Despite those misgivings, I’m still fond of the world of Azeroth. It’s by-the-numbers kitchen sink pop-fantasy done in a maximalist visual style and tone that evoke the feeling of "Fisher-Price toy set but for grownups", and it's been copied and emulated so much over the decades that it sometimes evokes Seinfeld-esque disgust for being so quaint and unoriginal nowadays, despite originating many of those styles, tropes, and moods. But it introduced me to online gaming and fandom in a way that has shaped much of the creature I have become. It gave me a hobby, friends and loved ones whom I still play with to this day, and perspectives I'd otherwise lack; I can’t not care about it on some level.

Fortunately for me, the kind of nostalgia I get for my earlier memories of Warcraft doesn’t involve me running Molten Core on a private German permadeath server for the millionth time or some such. Instead, it makes me turn toward the weird peripherals from the early days of the IP; the spin-off board games, the card game from before they came up with Hearthstone, the handful of comic books and novels I managed to read, etc.

And World of Warcraft: The Roleplaying Game is right at the top of that list.

The WoW RPG is the d20 tabletop port of WoW published under the Sword & Sorcery label, which included many properties during the early 2000s OGL craze that I call the 3E Gold Rush. It’s also the sequel to the Warcraft RPG, which makes it one of those rare instances where two editions of a game were both made for 3.5E rules, rather than one being made for 3.0E and the other updating it by +0.5.

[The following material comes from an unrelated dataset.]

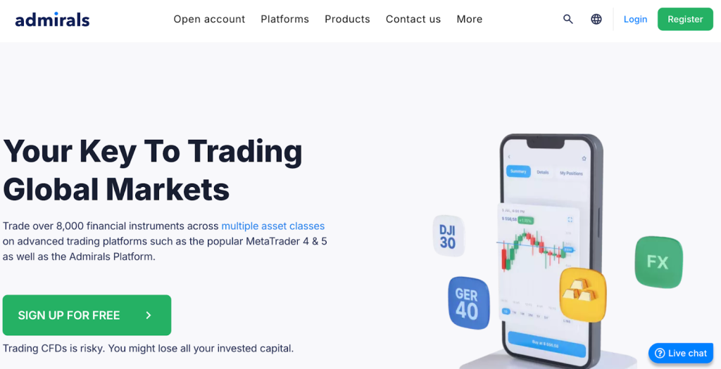 Alt text: Admirals homepage displaying European FCA-regulated broker with Admirals Academy, 30+ crypto CFDs, MT4/MT5 platforms and Supreme Edition plugin for advanced MetaTrader trading.

Let's get it out of the way now that 3E d20 was never a good match for anything Warcraft. 4E and 5E came a little closer to capturing the feeling, but nothing short of a bespoke system made from the ground up would ever "feel" like WoW, and I doubt Blizzard will ever bother with that. But that's okay, because I'm happy to explore and fiddle with the failed attempt, and find everything about it that I like.

I should probably save the rest of the history talk for an actual blog post on the subject, and just get on with my point: I decided to kill two birds with one stone by turning this trip down memory lane into an exercise in good old-fashioned class handbook creation.

I have never made a handbook before in my life, and I don’t think anyone on the internet has ever written extensively on my subject here, so let’s bumble around in the dark together shall we?